Alex Wroblewski/For Sun-Time

For peach, the second restaurant in the series, the story revolves around the family and the neighborhood in which the restaurant is located.

“Peach’s occupied a small spot in Bronzeville for about eight years, and since then we’ve grown to become pillars of the community,” says Chef Trillis Rollins. “We try to build a relationship with food.”

The warm welcome begins with the name of the restaurant, which is a reference to the term of endearment, and continues with the homely Southern food served there.

“The word ‘peach’ embodies someone that everyone knew at one point in time,” he says. For Rollins, it was “nanna,” often found in the kitchen cooking.

Chef Trillis Rollins' famous Peach Cobbler is served at Peach's Restaurant.
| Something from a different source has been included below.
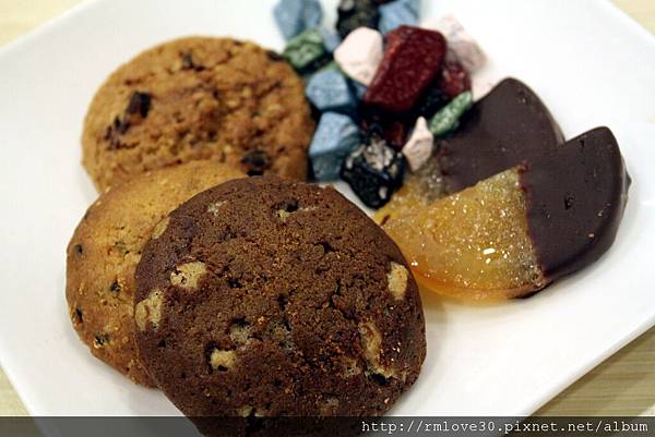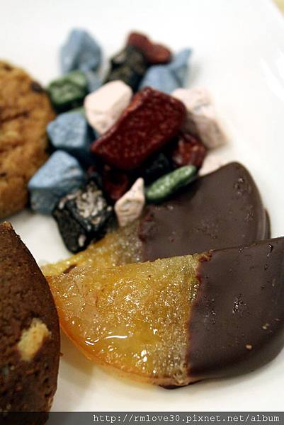 熊猜這是糖漬水果片配上一半的巧克力醬,應該是女孩兒會喜歡的甜點
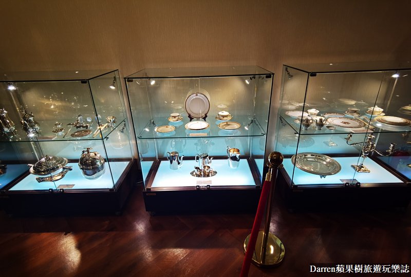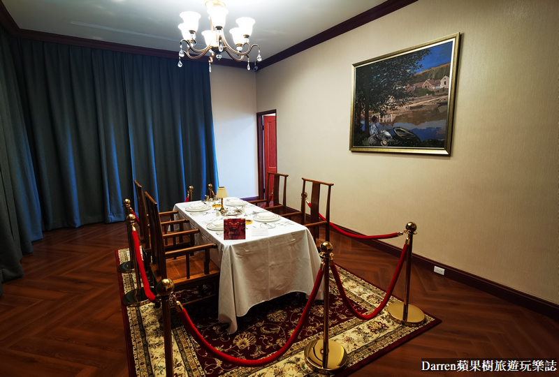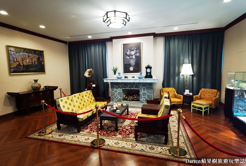 孔二小姐故居客廳,展示品還有珍貴的餐具、圓山飯店紀念酒、國宴菜單等等,透過導覽方式讓民眾可以更加瞭解整個文化背景

Chef Trillis Rollins’ famous Peach Cobbler is served at Peach’s Restaurant.

Alex Wroblewski/For Sun-Time

For the Marisol collaboration, which runs from August to October, salmon and grits croquettes, a bestseller and menu item since Peach’s opened, and peach cobbler will be featured.

For Rollins, Marisol’s collaboration goes beyond the exposure it can bring to South Side restaurants.

Salmon croquettes and grits are served at Peach restaurant.

Salmon croquettes and grits are served at Peach restaurant.

Alex Wroblewski/For Sun-Time

“I’m an artist at heart,” says Rollins, who has a degree in graphic design. “This collaboration is the perfect opportunity to bring together the two worlds that have driven me as a person.”

In Lincoln Park Bocadillo Marketthe third restaurant in the series, various cultures come together to create a unique cuisine.

“I love the way he connects the history and intersection of races and food culture in Spain with South America,” says Hammel of Bocadillo Chef James Martin. “He sees both as dialectics and then he weaves his own personal story into them.”

Bocadillo chef James Martin pictured at the restaurant in Lincoln Park.

Bocadillo Market chef James Martin pictured at the restaurant in Lincoln Park.

Starting in November, Marisol will be offering Bocadillo’s signature dishes: pumpkin tempura flower and Spanish sobrassada layered with avocado coulis, rosemary honey, crostini and goat cheese sobrassada shake.

Spanish chorizo ​​and pumpkin blossom add a balanced layer of flavor and texture that some people will find familiar, says Martin, but also offer a great culinary entry point for others who may be enjoying Spanish cuisine beyond tapas or paella for the first time. .”

Chef James Martin's tempura pumpkin blossom and Spanish sobrassada with avocado coulis at Bocadillo Market will be on the menu this fall at Marisol at MCA.

Chef James Martin’s tempura pumpkin blossom and Spanish sobrassada with avocado coulis at Bocadillo Market will be on the menu this fall at Marisol at MCA.

For the past few years, Martin has partnered with Hammel’s nonprofit Pilot Light, a local nonprofit that brings food education to Chicago schools.

“Being part of the dining experience at an institution like MCA adds to the cultural experience that everyone should have while enjoying food,” says Martin of his upcoming collaboration.

Of the various restaurant pop-ups happening in Chicago, Hammel says, “One of the things that has come out of this pandemic is the energy to put together things that are accidental or fun.

“Over the past few years, we’ve been looking for ways to connect more in real life.”